CAUTION REGARDING FORWARD-LOOKING STATEMENTS
The statements relating to BCE’s financial guidance (including revenues, adjusted EBITDA, capital intensity, adjusted EPS and free cash flow), which are contained on this Webpage, are forward-looking statements. All such forward-looking statements are made pursuant to the 'safe harbour' provisions of applicable Canadian securities laws and of the United States Private Securities Litigation Reform Act of1995.

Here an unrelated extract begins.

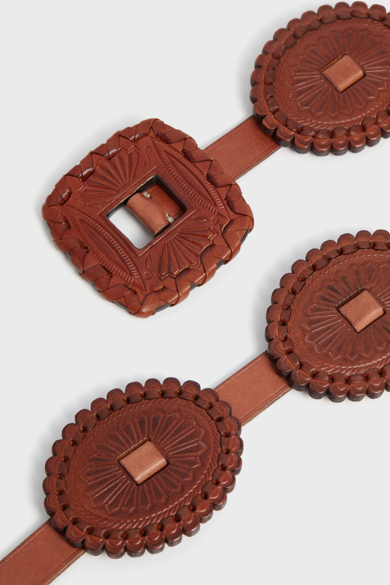Crafted from luxurious leather in a stunning neutral colorway. the Cuoio Leather Belt is the finishing touch your outfits have been needing. This skinny belt is defined by intricately engraved leather shapes. wear it with denim for a classic touch. or over a dress or a blazer to cinch the waist in style!

Forward-looking statements, by their very nature, are subject to inherent risks and uncertainties and are based on several assumptions, both general and specific, which give rise to the possibility that actual results or events could differ materially from our expectations expressed in or implied by such forward-looking statements and that our business outlook, objectives, plans and strategic priorities may not be achieved. These statements are not guarantees of future performance or events, and we caution you against relying on any of these forward-looking statements. The forward-looking statements contained on this Webpage describe our expectations as of February 4, 2021 and, accordingly, are subject to change after such date. Except as may be required by applicable securities laws, we do not undertake any obligation to update or revise any forward-looking statements contained on this Webpage, whether as a result of new information, future events or otherwise. Except as otherwise indicated by BCE, forward-looking statements do not reflect the potential impact of any special items or of any dispositions, monetizations, mergers, acquisitions, other business combinations or other transactions that may be announced or that may occur after February 4, 2021. The financial impact of these transactions and special items can be complex and depends on the facts particular to each of them. We therefore cannot describe the expected impact in a meaningful way or in the same way we present known risks affecting our business. Forward-looking statements are presented on this Webpage for the purpose of assisting investors and others in understanding certain key elements of our expected financial results. Readers are cautioned that such information may not be appropriate for other purposes.
Material Assumptions
A number of economic, market, operational and financial assumptions were made by BCE in preparing the forward-looking statements contained on this Webpage, including, but not limited to the following:
Canadian Economic Assumptions
Our forward-looking statements are based on certain assumptions concerning the Canadian economy, which in turn depend on important assumptions about how the COVID-19 pandemic will evolve. Notably, it is assumed that the vaccine rollout proceeds largely as announced by governments and that Canada, other advanced economies and China achieve broad immunity by the end of 2021. In particular, we have assumed:
- Strong rebound in economic growth after the first quarter of 2021 as the economy recovers from the significant impacts of the COVID-19 pandemic, given the Bank of Canada’s most recent estimated growth in Canadian gross domestic product of around 4% on average in 2021, following a decline of about 5.5% in 2020
- Recovery of consumer confidence and elevated levels of disposable income
- Strengthening business investment outside the oil and gas sector as uncertainty recedes
- Employment gains expected in 2021, despite ongoing challenges in some sectors
- Accelerating trend toward e-commerce
- Low immigration levels until international travel and/or health-related restrictions are lifted
- Prevailing low interest rates expected to remain at or near current levels for the foreseeable future
- Canadian dollar expected to remain at or near current levels. Further movements may be impacted by the degree of strength of the U.S. dollar, interest rates and changes in commodity prices.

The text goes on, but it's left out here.